De la misma franqueza
hizo gala Carrillo en 1972 el VII Congreso del PCE, en el que no descartó el
recurso a la violencia: “Cualquier
cambio revolucionario, por incierto que sea, exige la anulación del orden
anterior y esto no es posible sin una mediación de coerción y de fuerza”. A
nadie debe sorprender la querencia de Carrillo por la violencia, pues las
totalitarias ideas por él profesadas sólo han triunfado por la fuerza de las
armas. Y, como reconoció en 1974, esas ideas totalitarias eran las que quería
imponer al resto de españoles: “La toma
del poder tiene que ser democrática […] En el transcurso de este proceso
llegará un momento en que la democracia formal será sobrepasada por la
necesidad de profundizar la democracia en el sentido del socialismo”. Podría
haber dicho más alto pero no más claro cuáles eran sus intenciones. Y éstas
sólo podrían devenir en dramática realidad con el uso de la violencia.

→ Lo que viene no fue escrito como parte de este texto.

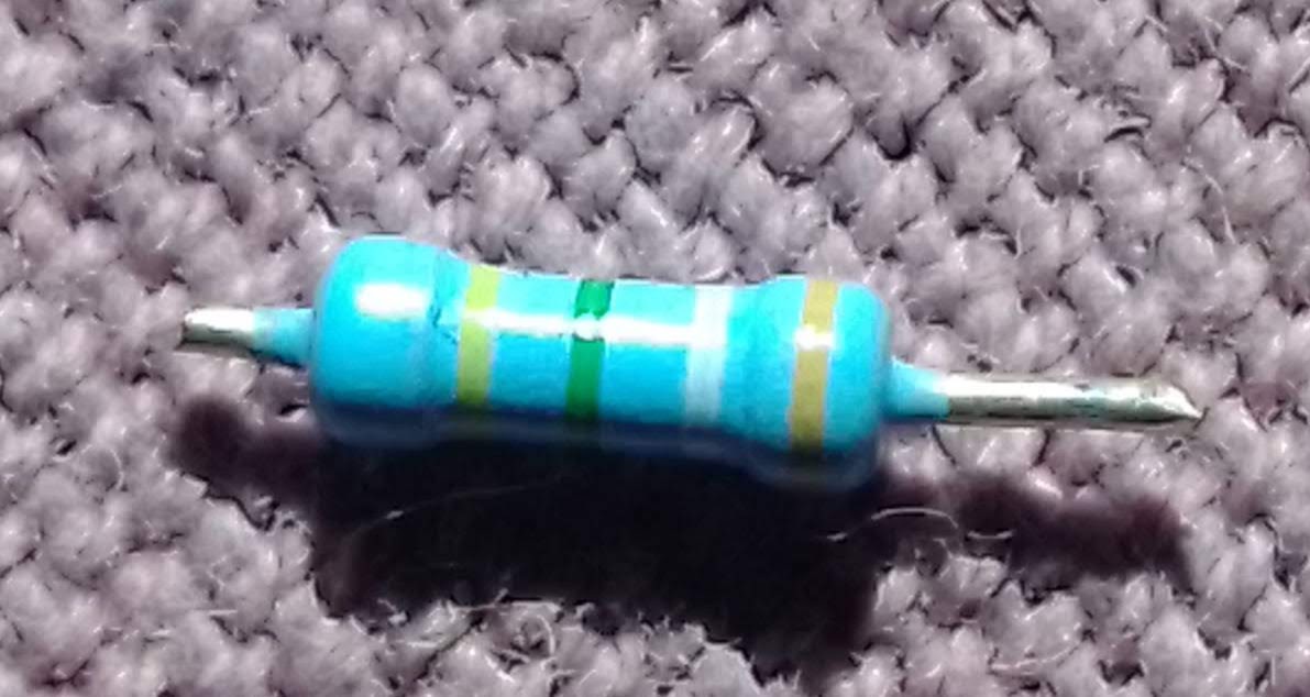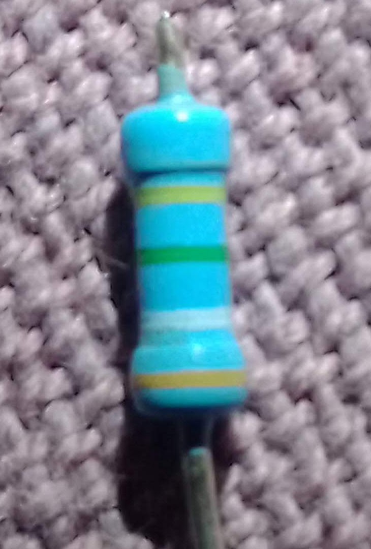nem tudtam megfejteni, milyen értékű ez az ellenállás. Sárga/zöld/fehér/barna a sor, ahogy én értelmezem, de ez nem szabvány.

Afortunadamente, las ideas de Carrillo y su gusto por los métodos violentos
fueron rechazados por la mayoría de los españoles, posibilitando así la
convivencia pacífica y democrática.
Como el propio Carrillo
nos ha explicado, su sustrato ideológico se ha mantenido incólume a lo largo de
las décadas. Quien quiera defender al fallecido jefe comunista en su derecho
está; quien lo haga en nombre de la libertad no, al estar faltando gravemente a
la verdad. Libertad, democracia y justicia son conceptos absolutamente
incompatibles con el personaje que, en vergonzosa y vil perversión de la
realidad, glosó así en 1967 las bondades
de la más opresora de las dictaduras que haya conocido el ser humano: “La característica de la dictadura del
proletariado no es, pues, ni la restricción de las libertades políticos para
los adversarios de clase, ni la violencia contra las personas integrantes de
esas clases”.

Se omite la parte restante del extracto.